As many of you are aware, we recently introduced the qEV100 in the 20 nm series – an exciting addition to our qEV column range. During the development of this column, we took the opportunity to put on our ‘continuous improvement’ hats and make a few little tweaks to the qEV100 more generally. This included improving one of the frits and dialling in on which fractions are likely to contain the greatest yield and purity of EVs. During these investigations with human plasma, we discovered that EV purity and yield could be improved by switching to a smaller fraction volume (25 mL, rather than 50 mL) and reducing the purified collection volume (PCV). We also tried a range of sample loading volumes and found that whilst loading 100 mL of sample does give the best yield and purity, volumes down to 25 mL can be used on the column (Figure 1).
Figure 1: Optimisation of sample loading volume for the qEV100 / 20 nm column. Either 25, 50 or 100 mL of human plasma was run through the qEV100 20 nm series column. EVs and other similarly sized particles were quantified using the Exoid. Protein concentration was analysed using a bicinchoninic acid (BCA) assay. Statistical analysis was performed using the Kruskal-Wallis test with Dunn’s post-hoc test. n = 3-4. Graphs show mean ± standard error.
The next question was whether these changes would also improve the performance of the qEV100 / 35 nm and the qEV100 / 70 nm. The results were consistent with the 20 nm development findings; all qEV100 resin series (the 20, 35 and 70 nm series) showed this improved EV yield and purity with a 25 mL fraction volume (Figure 2).
Figure 2: The concentration and purity of extracellular vesicles isolated from human plasma using the qEV100 in the 20 nm, 35 nm Gen 2, and 70 nm Gen 2 series. The (A) concentration of EVs and (B) purity of EVs in the 125 mL or 250 mL purified collection volume of samples isolated from four different volumes of human plasma using the qEV100 in the 20 nm, 35 nm Gen 2, or 70 nm Gen 2 series. EV concentration was determined using the Exoid and protein concentration was determined using a BCA assay. * p<0.05, **p<0.01
Subsequently, we have revised the qEV100 protocol to apply these optimised recommended buffer volume (BV) and PCV values for the qEV100 in the 20 nm, 35 nm and 70 nm series (Table 1). The user manual has been updated to reflect this change.
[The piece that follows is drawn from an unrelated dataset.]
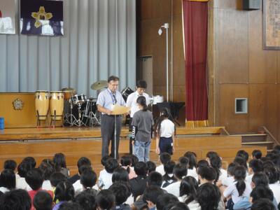 10月全校集会 投稿: 神根小学校 (10/07) カテゴリー: 今日の出来事 10月の全校集会を行いました。 今回は校長より音楽会に向けての話といじめ防止に関する講話と表彰、生活目標の話を行いました。 表彰は、夏休みの読書感想文についてです。 集会を通して全校の話を聞く姿が立派になってきたことを感じます。 今月の生活目標は「身の回りの整理整頓をしよう」です。 整理整頓が意識したいという児童がたくさんいました。 ぜひご家庭でも整理整頓についてお声かけください。 Tweet -

Table 1: Previous and revised recommended values for each qEV100 resin series
It is important to note that these values are recommendations only and were determined using human plasma samples, which is the standard sample type used to optimise all of our columns. Finding the PCV containing the best balance between EV yield and purity will depend not only on your sample type, but also your preferences. Therefore, we strongly recommend that you establish an elution profile with your sample, and then optimise your own BV and PCV.
The elution profile employing the revised protocol can be seen in Figure 3.
Figure 3: Elution profiles of qEV100 columns (20 nm, 35 nm Gen 2, and 70 nm Gen 2) with 100 mL of human plasma loaded. Particle concentration was measured using the Exoid, and protein concentration was measured using a bicinchoninic acid (BCA) assay. Particle concentration is expressed as the mean ± standard error, while the percentage of protein recovered is depicted using the mean value. n=3 for each column series. BV = Buffer Volume. PCV = Purified Collection Volume.
Please also consider that, by virtue of being bigger, the qEV100 is likely to be more affected by sample-dependent properties, such as EV and protein load, than smaller volume qEV columns. As a result, and as shown in-house, the optimal loading volume for your sample may be less than 100 mL. It is advised to test various sample loading volumes to establish when the relationship between the input volume and the output EV concentration is no longer linear. After this point, the column will be overloaded and there will be a diminishing return of EVs and decreased isolate purity.